New York General Business Law § 349 prohibits "[d]eceptive acts or practices in the conduct of any business, trade or commerce in the furnishing of any service" in New York State. "To state a claim for relief under that statute, a plaintiff must demonstrate that the complained-of action is consumer-oriented, misleading in a material way, and that the plaintiff suffered as a result of the deceptive act." Dickman v. Verizon Commc'ns, Inc., 876 F.Supp.2d 166, 174 (E.D.N.Y. 2012).

Defendant argues that plaintiff's NYGBL § 349 claim is preempted by the FCRA. Two sections of the FCRA are relevant to this argument. Section 1681h(e) provides that "no consumer may bring any action or proceeding in the nature of defamation, invasion of privacy, or negligence with respect to the reporting of information against . . . any person who furnishes information to a consumer reporting agency, . . . except as to false information furnished with malice and willful intent to injure such consumer." Section 1681t(b)(1)(F) preempts any state law claim "with respect to any subject matter regulated under . . . section 1681s-2 of this title, relating to the responsibilities of persons who furnish information to consumer reporting agencies."

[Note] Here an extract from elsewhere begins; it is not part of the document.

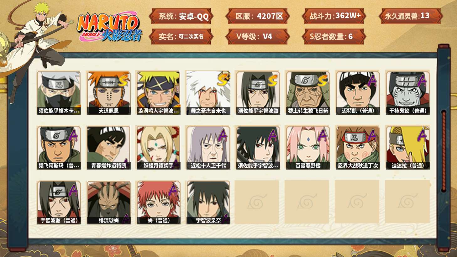 【火影忍者】【lyhy11127】战斗力:362w;段位:中忍1阶;本服排名:1014;vip:v4级;s忍:6个;a忍:14个;通灵兽:13个,s忍:须佐能乎旗木卡卡西|天道佩恩|漩涡鸣人宇智波佐助|舞之豪杰自来也|须佐能乎宇智波鼬|秽土转生猿飞日斩__a忍:青春爆炸迈特凯|妖怪奇谭纲手|近松十人卫千代|须佐能乎宇智波佐助|百豪春野樱|忍界大战秋道丁次|迪达拉(普通)|迈特凯(普通) 3星|宇智波鼬(普通)|干柿鬼鲛(普通) 3星|绯流琥蝎|蝎(普通)|猿飞阿斯玛(普通) 3星|宇智波泉奈__通灵兽:忍犬(普通)|蓝蛇|蛤蟆吉|忍龟|镰鼬|猿魔|山椒鱼|蜃|蛤蟆仙人|鲛鲨|砂之守鹤|蛤蟆健|乌鸦(普通)

The Second Circuit has explained that "the operative language in § 1681h(e) provides only that the provision does not preempt a certain narrow class of state law claims; it does not prevent the later-enacted § 1681t(b)(1)(F) from accomplishing a more broadly-sweeping preemption." Macpherson v. JPMorgan Chase Bank, N.A., 665 F.3d 45, 48 (2d Cir. 2011). As was the case in Macpherson, plaintiff's NYGBL claim is preempted by the plain language of § 1681t(b)(1)(F).

Having determined that plaintiff's NYGBL claim is preempted by the FCRA, the Court need not address defendant's argument on the merits of the claim itself.

CONCLUSION

Accordingly, defendant's [17] motion to dismiss is denied with respect to plaintiff's FCRA claim and granted with respect to plaintiff's NYGBL claim.

SO ORDERED.

FootNotes


1. In connection with its motion to dismiss, defendant filed an affidavit attaching the credit report, which plaintiff neither annexed to her complaint nor explicitly incorporated by reference. The Court can still consider this report. "`[W]hen a plaintiff chooses not to attach to the complaint or incorporate by reference a [document] upon which it solely relies and which is integral to the complaint,' the court may nevertheless take the document into consideration in deciding the defendant's motion to dismiss, without converting the proceeding to one for summary judgment." Int'l Audiotext Network, Inc. v. Am. Tel. & Tel. Co., 62 F.3d 69, 72 (2d Cir. 1995) (quoting Cortec Indus., Inc. v. Sum Holding L.P., 949 F.2d 42, 47 (2d Cir. 1991)).
2. Although the complaint does not include any indication that plaintiff alleges defendant willfully violated the FCRA, the Court agrees with defendant that to the extent plaintiff does attempt to claim that defendant's conduct was willful, that claim is dismissed in light of the absence of any factual allegations tending to show willfulness with respect to CitiMortgage specifically.
3. As defendant acknowledges, during the initial status conference in this matter, plaintiff represented that she refrained from applying for credit because she thought the "Pay Status" line would cause lenders to reject her application.